Now I'm rendering the images with something like this:

v = RandomReal[{-256, 256}, {50, 3, 2}];
rp = Rasterize[Graphics[{Thickness[.0005], Opacity[0.2], Line/@v},
PlotRange -> 256], ImageSize -> 128]

(* Graphics[] -> 0.004s; Rasterize[] -> 0.14s*)


Is there any possiblities of an improvement in performance, other than rewriting my own function of directly creating rasterized image from the list of vertices? Thanks!

• Rasterizing anything with an alpha channel does seem to be slow. Is the Opacity[0.2] absolutely necessary in your case? – J. M.'s ennui Aug 10 '16 at 3:03
• You should add a minimal example for v to make the question self-contained. – Jens Aug 10 '16 at 4:23
• Why do need to rasterize? Why do need a special line thickness? Why don't you use AbsoluteThickness? Why do you need to set Opacity? What alternative to rasterization have you considered? We real need to know more than you are telling us. – m_goldberg Aug 10 '16 at 6:10
• This is a poor post, but a good question, and that's why I suggest to leave it open, but please edit you post soon to include necessary information as @m_goldberg has mentioned. – Wjx Aug 11 '16 at 15:19
• I added a sample v that has about the same timing on my machine. -- The comparison of the kernels times of Graphics[] and Rasterize[] is not really valid. The kernel only assembles the graphics expression; the front end is in charge of rasterizing it for the screen, and that time is not accounted for in Timing[] or AbsoluteTiming[]. – Michael E2 Aug 12 '16 at 14:20

This is a long comment to clarify some points in the question.

The comparison of the kernels times of Graphics[] and Rasterize[] is not really valid. The kernel only assembles the graphics expression; the front end is in charge of rasterizing it for the screen, and that time is not accounted for in Timing[] or AbsoluteTiming[]. One way to estimate the Front End timing is to use SessionTime[], but this very likely includes the time to do other things than rasterize the image. I am showing it, because I know no better way and no one has commented on it as yet.
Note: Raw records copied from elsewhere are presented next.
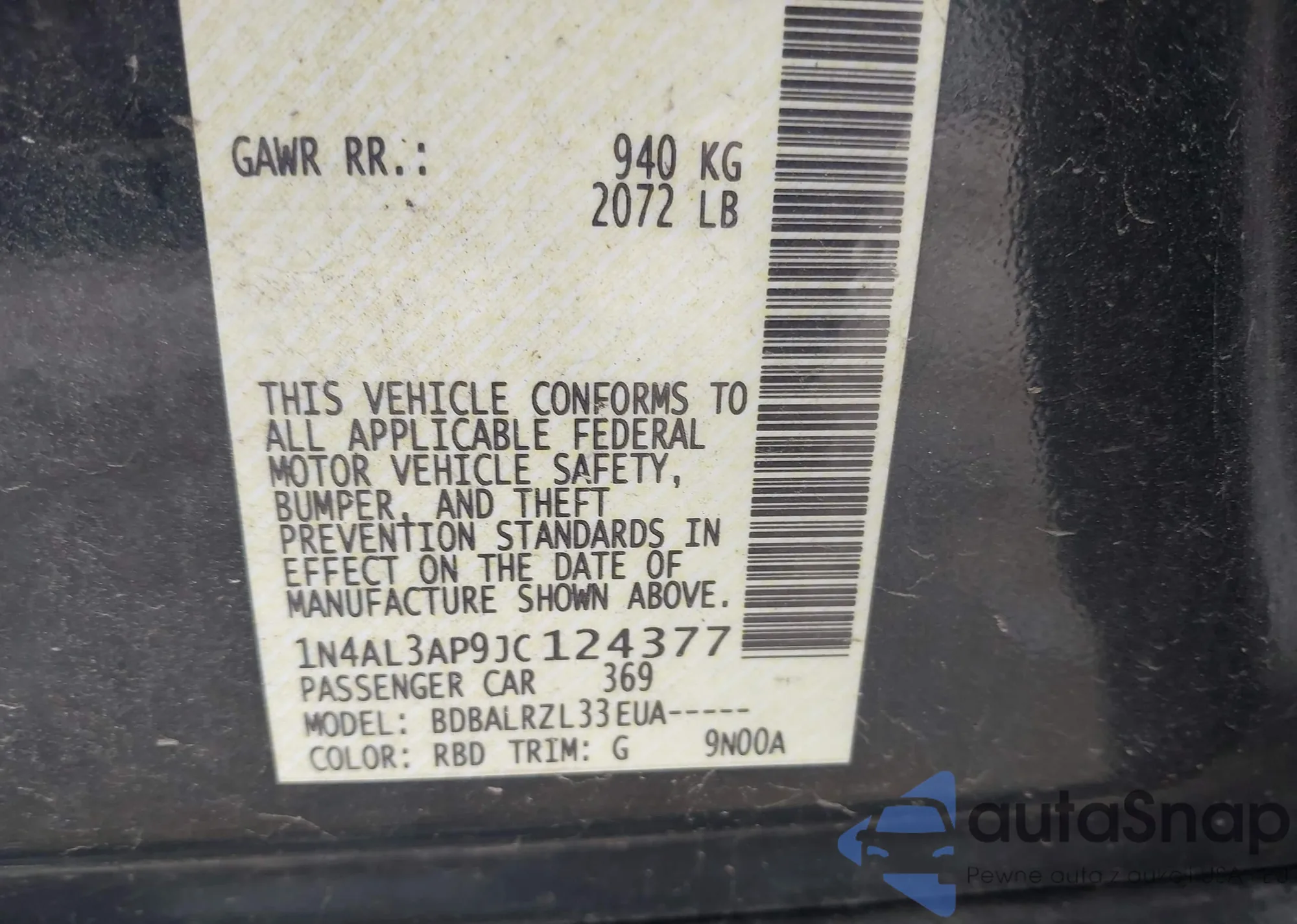 • VIN 1N4AL3AP9FC234336
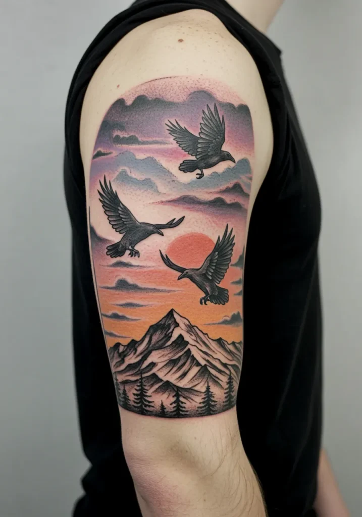 This half-sleeve tattoo is such a vibe. It shows three ravens soaring across a dreamy sunset sky, with jagged mountains and pine trees grounding the scene below. The soft gradient of oranges and purples in the clouds gives the whole piece this quiet, mystical glow like the kind of moment that only happens in the old sagas. The birds themselves are all in crisp blackwork, with perfect wing detail that makes them feel like they re actually in motion.
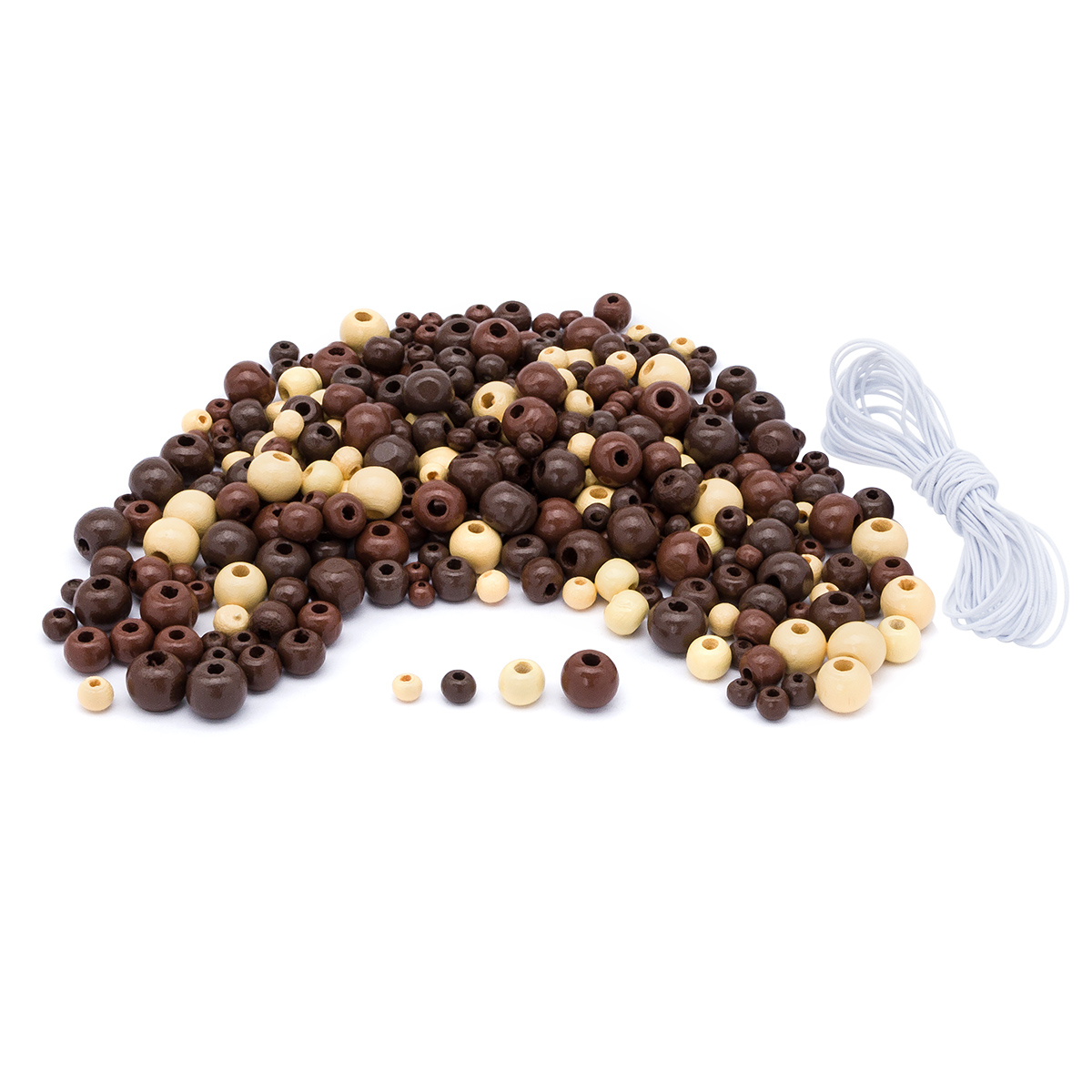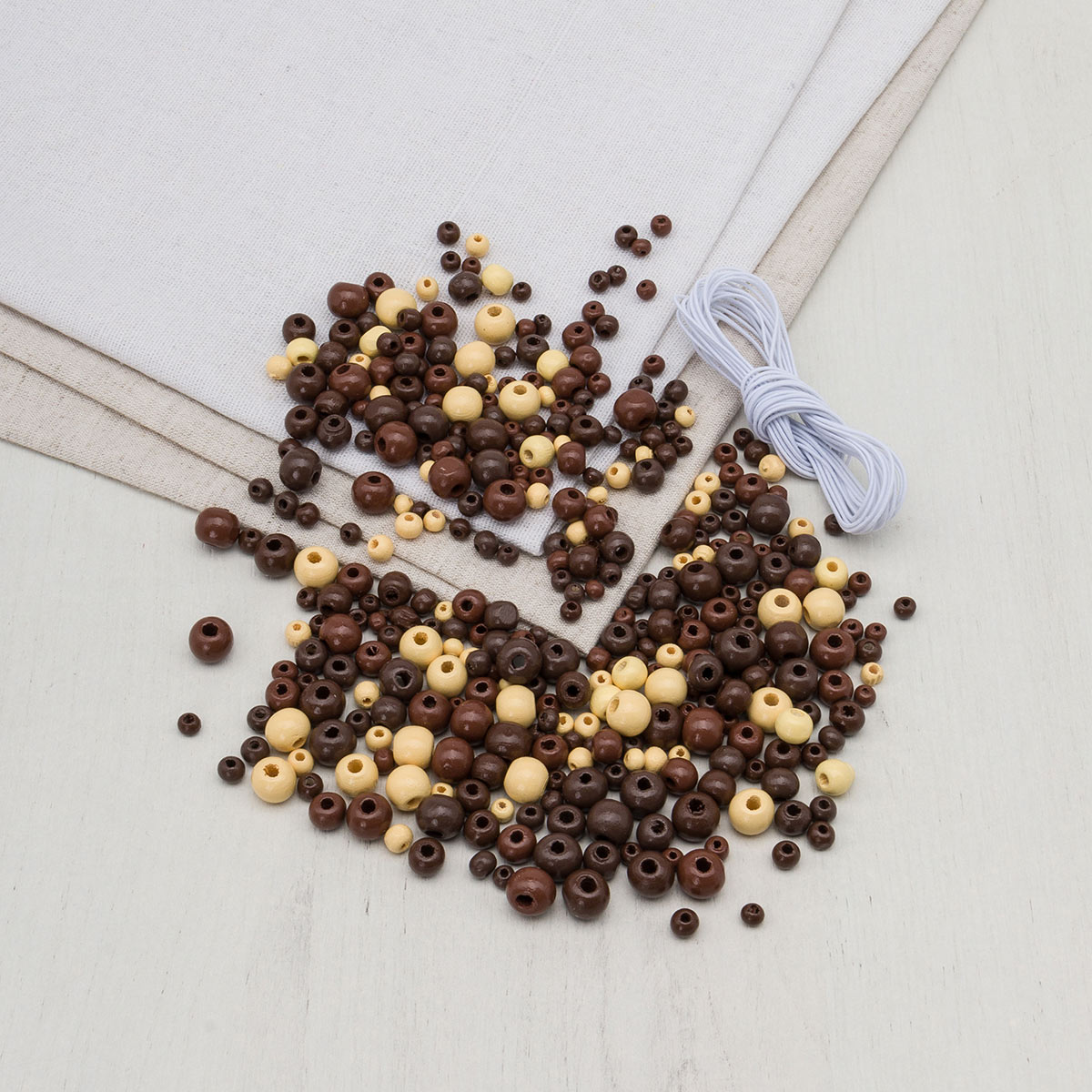 Набор деревянных бусин со шнуром, натуральный микс, 4,6,8,10мм, 50гр, Astra&Craft

The OP's way of timing, for reference:

v = RandomReal[{-256, 256}, {20, 3, 2}];
Rasterize[Graphics[{Thickness[.005], Opacity[0.2], Line /@ v},
PlotRange -> 256], ImageSize -> 128] // AbsoluteTiming // First
Graphics[{Thickness[.005], Opacity[0.2], Line /@ v},
PlotRange -> 256] // AbsoluteTiming // First
(*
0.137451
0.000014
*)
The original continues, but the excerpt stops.